By Pressley Baird
Reprinted with permission
Multipurpose is the best word to describe the current state of Coastal Christian
There’s a closet in the school’s main office, for example, that does quadruple duty. Its main purpose is to serve as admissions director Jennifer Snyder’s office. But she jokes that she’s also got the supply closet on shelves above her head, the technology department behind her desk chair, and the school’s switchboard mounted on the wall to her left.
Come Christmas, Snyder will have her own office, switchboard not included. After five years of renting Temple Baptist Church’s activity center, Coastal Christian High School is getting a place to call its own.

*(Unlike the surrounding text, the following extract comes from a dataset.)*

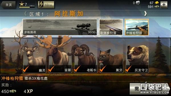 总的来说任务不复杂有可玩性,每个部分都有步枪挑战、散弹枪狩猎、冲锋枪狩猎3个任务区以及5个Boss动物(枪支达到规定属性即可挑战下一关)。玩家按照给的提示(射击动物各个部位)完成任务,前期照任务走就行,体力和狩猎币是完全足够的。命中心脏额外奖励10狩猎币,做完4个左右任务就攒足1000+狩猎币买枪了,狩猎币买的都是新手级枪支(当然土豪的大腿一定是粗的~要用就用好的),往后会有任务要求,一定要看清楚要求不然体力就浪费了。系统内给的是10点体力,用完需要金条购买或者等待冷却时间。商城里有免费金条获取选项,每天可观看4个视频每个给3个金条。枪支的改造也是一个亮点,不同的枪改法不同最终体现的威力就大不相同,可以让玩家自由改造,打造属于你独有的猎枪。

The interdenominational Christian high school is moving forward with construction on the first phase of its new $3.6 million building on The King’s Highway in Monkey Junction. With 26,000 square feet, it will have space for 340 students in 15 classrooms, two science labs, a library and a gym.
Coastal Christian has been renting Temple Baptist’s activity center since the high school opened with 42 students in 2006, said Brenda McCombie, project manager for the new facility. But with about 190 students enrolled now and an anticipated 240 for the 2012-13 school year, they’re too big for the six-classroom activity center. Students will make the move to the new building by the 2012 holiday season, McCombie said.
The school ran a capital campaign to raise $1.2 million for the first phase of the new facility. Most of the gifts came from students’ parents, but a few members of the community also donated money, McCombie said. The school is borrowing the remaining $2.4 million.
The school is also building baseball and softball fields on land it’s leasing from Myrtle Grove Presbyterian Church, its future next-door neighbor. Both the school and the church will be able to use the fields, and they’ll share the maintenance work, McCombie said. Myrtle Grove also donated 3.7 acres of land to the school for the new building.
Future phases of the school’s facilities will include a cafeteria, tennis courts and an aquatic center. Once they’re fully built, the new facilities will be able to accommodate 400 students.
Coastal Christian felt growing pains by its third year, bringing in a trailer to add two classrooms. Two more trailers with two more classrooms came the next year, and this fall, the high school had a waiting list for the first time, McCombie said.
Some employees, like math teacher Melissa Medlin, don’t have their own classrooms. Instead, Medlin rolls her black-and-purple bag of supplies from room to room and shares a desk in the affectionately named teachers’ cave (it’s too small to earn the title of lounge). But Medlin doesn’t mind.
“We’re such a family,” she said. “We always use each other’s stuff.”